Comparison of HNSCC hypoxia gene signatures in patients
In this case study, we have chosen the three HNSCC hypoxic gene signatures based on the fact that these were developed using different methodologies (two of them based on classification and one based on regression) using patient data. The first signature of interest was derived by Toustrup et al, who identified a set of 15 pH-independent hypoxia-related genes.9 The signature was initially validated in mouse models as well as on an HNSCC cohort of 58 patients, in which hypoxia was previously determined using electrode measurements. The gene signature was used to classify a cohort of 323 patients into having less or more hypoxic. The second signature was designed by Eustance et al, which is based on hypoxia associated genes using microarray platform.24 Eustace et al tested this hypoxia signature comprising 26 genes in HNSCC (laryngeal) cancer patients and bladder cancer patients enrolled in the prospective Phase III randomized trials. The third gene signature of interest for this study was derived by Lendahl et al. An in silico meta-analysis approach was carried out using published microarray gene expression data to identify a pan-cancer hypoxia signature.8 Each of these signatures was considered due to their wide citation in the literature, as well as their derivation from patient level data, and their potential for wider utility. Firstly, comparing the composition of each of these signatures, we noted that despite being predictive of the same outcome, radiation response, in a single cancer type, there is just a single common gene between the three signatures.
Next, we performed a quality analysis, to ensure validity when applying these signatures on the TCGA data set with sigQC and noted that all three signatures show good quality on this data set and are consistent between each other (Figure 4).

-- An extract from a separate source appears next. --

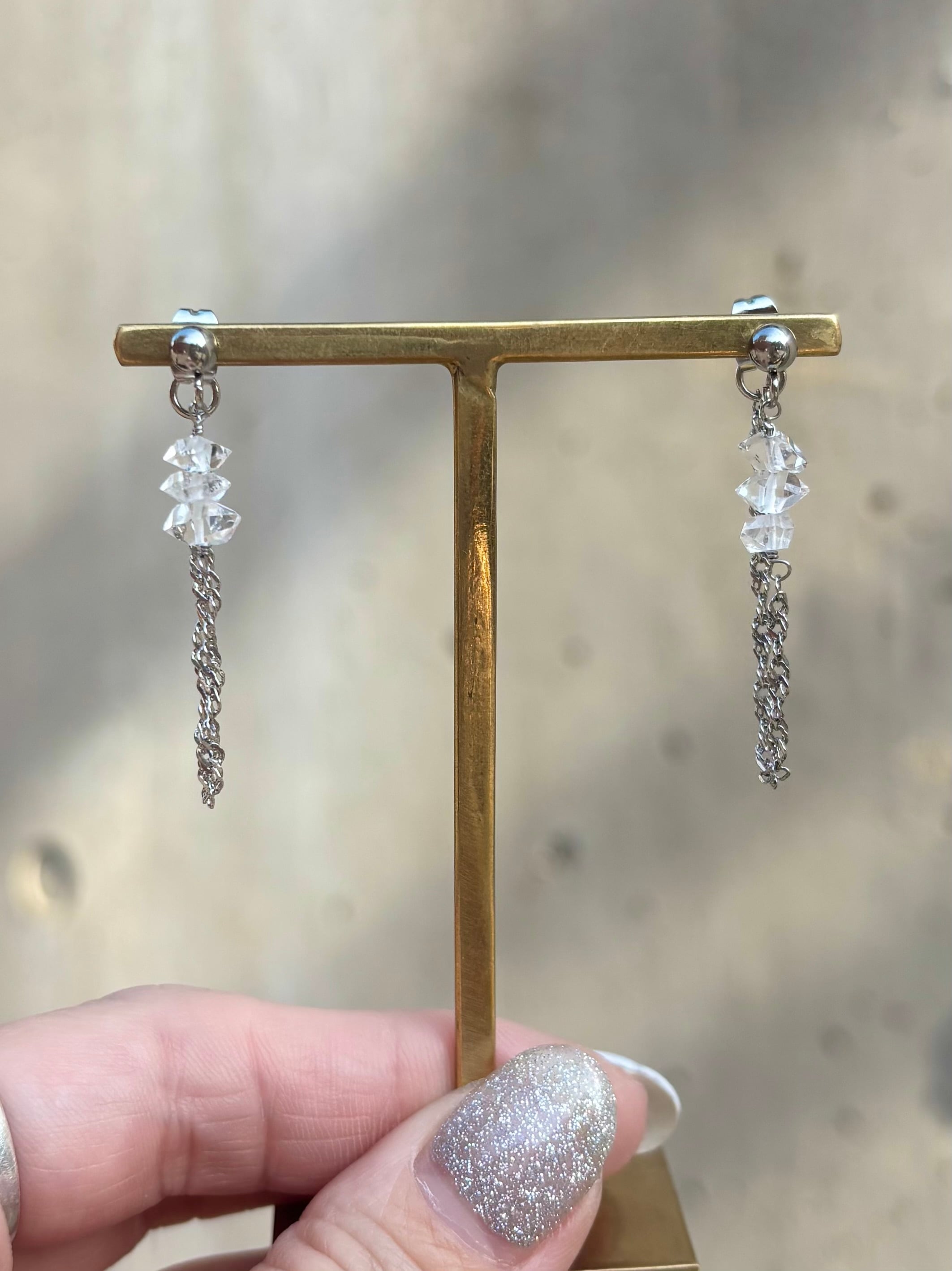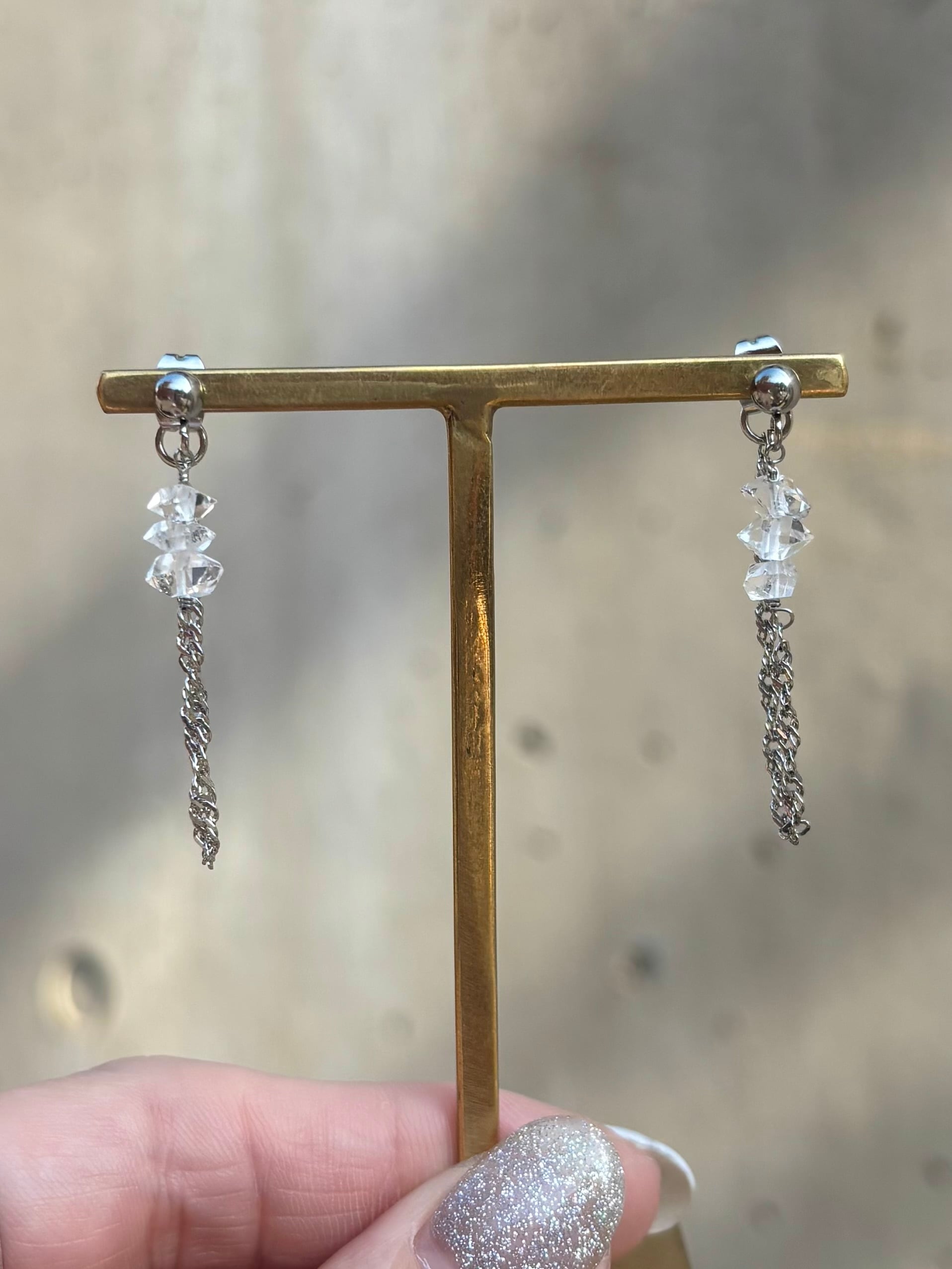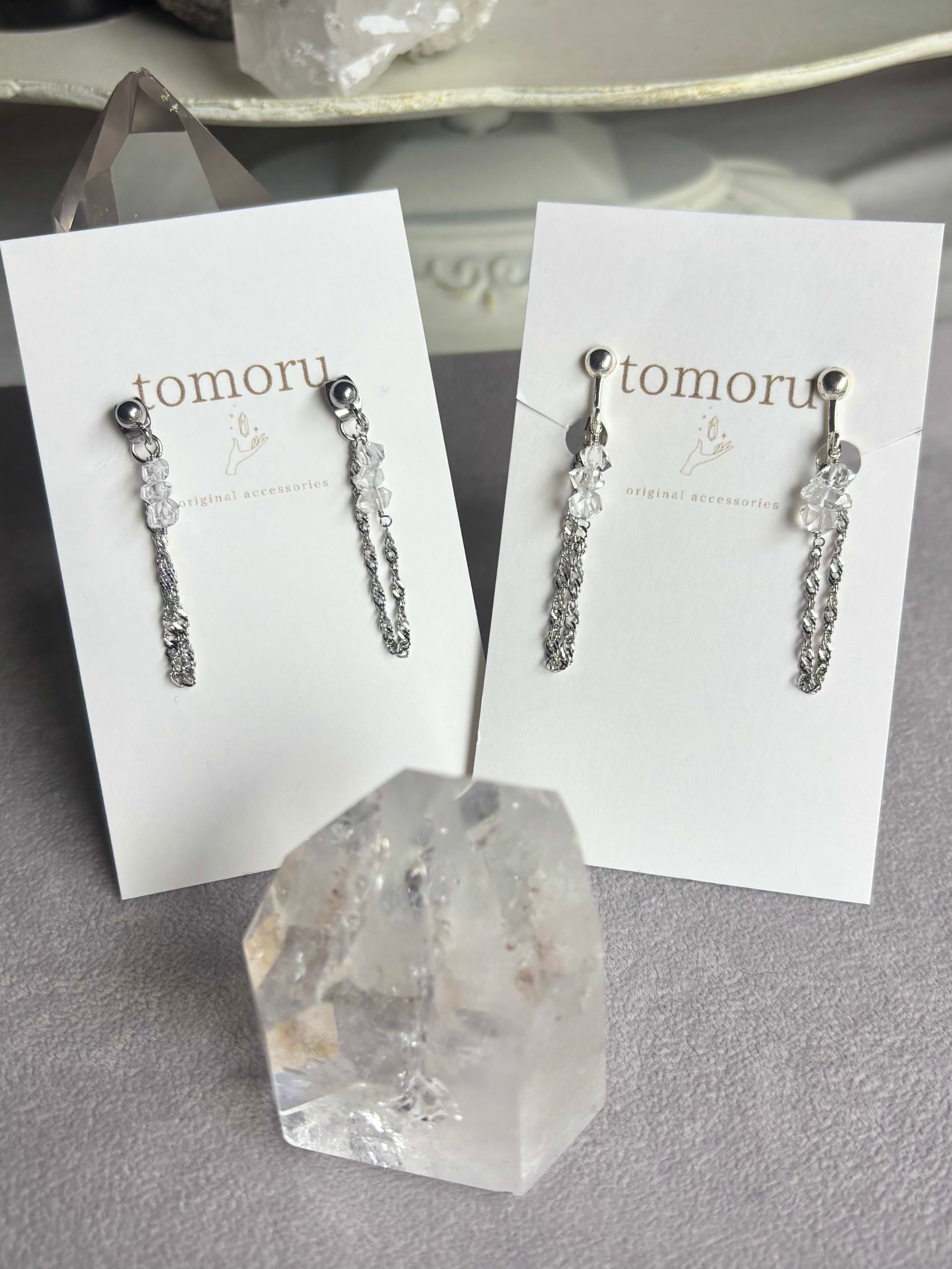 【NEW】ハーキマーダイヤモンドとチェーンのピアスイヤリング

Briefly, Figure 4 reveals that each of the three signatures has similar quality when applied on the TCGA data set, with the Eustace gene expression signature showing a slight reduction in quality, likely owing to differences in intrasignature gene score correlation, most likely due to model-specificity in its derivation. Signature-data set combinations are ranked in the legend by overall quality measure, with the numeric value in brackets representing the area contained within the radar chart lines for each signature-data set combination.
Figure 4. .
Each of the signatures (Toustrup, Lendahl, and Eustace), shows high quality across multiple sigQC metrics, suggesting validity in application with the TCGA data set. Radar plots produced for sigQC summary metric evaluation of Toustrup, Lendahl, and Eustace signatures on TCGA HNSCC data set. Each ray of the radar plot evaluates one of the summary metrics checked by sigQC16 for gene signature quality prior to application on a data set. HNSCC,head and neck squamous cell carcinoma; TCGA, tumour cancer genome atlas.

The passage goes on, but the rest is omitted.